By Julie Murphree, Arizona Farm Bureau: Results for the United States Department of Agriculture’s (USDA) 2012 Census of Agriculture isn’t out yet (they didn’t mail out forms until late December 2012 and in 2013 the agriculture statistics are gathered with reporting taking place in 2014), but my prediction will be that we’ll have an increase in women’s involvement in American agriculture. We certainly have valuable contributions from our Arizona agriculture women!

For a little background, the 2007 Census of Agriculture revealed that women had a growing presence in U.S. agriculture. The Census in 2007 tried to determine the percentage of women actually running the farm or ranch, operating more land or producing greater value of agricultural products than they’d done in the previous agriculture census that’s taken every five years.

Of the 3.3 million U.S. farm operators counted in the 2007 Census, 30.2% - more than 1 million - were women with an operational role in the farm or ranch. As a result, the total number of women operators increased 19% from 2002, significantly outpacing the 7% increase in the number of farmers overall.

The number of women who are principal operators of a farm or ranch increased by almost 30%, to 306,209. So based on these USDA numbers, women are now the principal operators of 14% of the nation’s 2.2 million farms. Can’t wait for the newest numbers on this from the USDA’s 2012 Census of Agriculture.

The USDA census also found that when compared to all farms nationwide, those with female principal operators tend to be smaller both in terms of size and sales.
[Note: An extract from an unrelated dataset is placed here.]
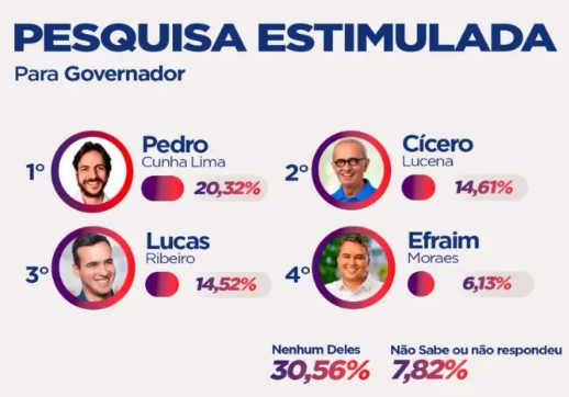 O levantamento aponta ainda o senador Efraim Filho (União Brasil) com 6,13% e o deputado estadual Adriano Galdino (Republicanos) com 6,04%. Entre os entrevistados, 30,56% afirmaram que não votariam em nenhum dos nomes apresentados, enquanto 7,82% não souberam ou preferiram não responder. O resultado indica um cenário fragmentado, com vantagem inicial de Pedro Cunha Lima em sua cidade natal, enquanto Cícero e Lucas dividem o segundo posto e refletem o peso político de João Pessoa e Campina Grande.

Interestingly, women are more likely to own all the farmland that they operate.

Partnered but Working Off the Farm

Another interesting statistic about women in agriculture that’s not often discussed is the 80% of agriculture women who are partners in the farm or ranch but work off the farm.
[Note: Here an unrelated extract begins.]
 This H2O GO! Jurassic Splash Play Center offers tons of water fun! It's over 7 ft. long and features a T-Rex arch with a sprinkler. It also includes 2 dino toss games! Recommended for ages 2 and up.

One of Arizona agriculture’s shining examples is Sherry Saylor, a farmer from Buckeye with her husband Rick. Sherry and Rick own R&S Farms, a diversified row crop farming operation. They grow cotton, wheat, alfalfa and barley.

However, Sherry’s day-to-day job is currently the school guidance counselor at Buckeye Elementary School, where she has worked for 28 years and an endeavor she loves. A graduate from Westmont College with a BA in Sociology and Education, Sherry received her Master’s in Counseling in 1996.
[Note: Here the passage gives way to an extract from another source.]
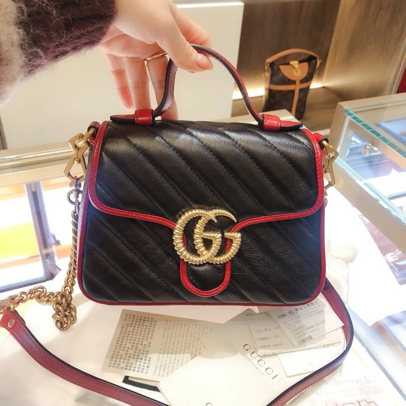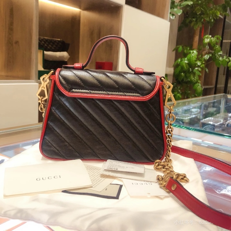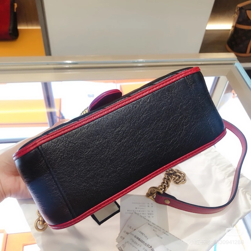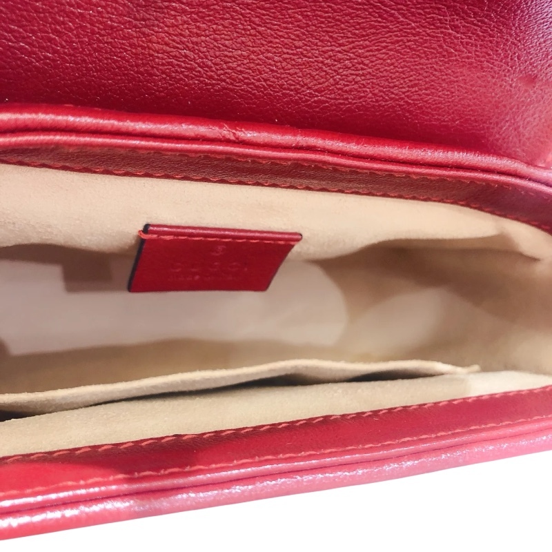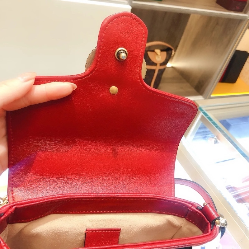 Gucci 583571 迷你 GG Marmont 兩用包 櫻桃紅滾邊配色

But she loves farming too. She’d be the first to tell you how blessed she feels. In a recent video she describes feeling like “a rock star” because she gets to wake up every morning to the view of a cotton, wheat or alfalfa field out her window.

Sherry’s husband Rick is a 3rd-generation Arizona farmer and the one who inspired her devotion to everything agriculture. They met back east where he was teaching Sunday school to college and career-aged students on weekends while working for DuPont. Sherry was fresh out of college.

“On our first date before we even headed out Rick said, ‘Let’s pray,’” remembers Sherry. “At the time I thought wow this guy is really serious about his faith and what he believes. It told me he was a man of integrity. On the funny side, he was wearing a cowboy hat and boots; not a common sight back east.”

Originally from South Carolina, Sherry and Rick thought they’d settle there forever. But eight months after they married, Rick’s dad solicited them to come back to Arizona and farm.

“I had no clue what I was getting into,” says Sherry. “Jim Klinker and Bob Wilson invited me to a Young Farmer and Rancher’s meeting at Little America in Flagstaff. I’ve always felt like Farm Bureau saved my life on the agriculture advocacy side of things since the organization taught me so much. I knew nothing about agriculture other than I thought it would be an exciting adventure. When I came out, I was so embraced by the agriculture community I was hooked with wanting to promote agriculture. My passion became consumer education and I’ve been at it ever since.”

Indeed her list of volunteer involvement in agriculture is extensive. A member of the Arizona Farm Bureau with Rick since 1974, Sherry formerly held the position of Women’s Leadership Committee State Chair for the state Farm Bureau and was elected to the American Farm Bureau Women’s Leadership Committee in 1990. She is currently the Vice-Chair of the American Farm Bureau Women’s Leadership Committee.  Sherry is also Chair of the Arizona Farm Bureau AgPac Committee and former member of the Buckeye Union High School FFA Advisory Committee. She was recently appointed to American Farm Bureau’s Foundation for Ag.

Sherry represents an amazing group of women in agriculture. Reflecting on the small numbers of American women farmers and ranchers, she represents an uncommon group, but you’ll find a common conviction among these women: “Agriculture must remain a critical component of the American landscape."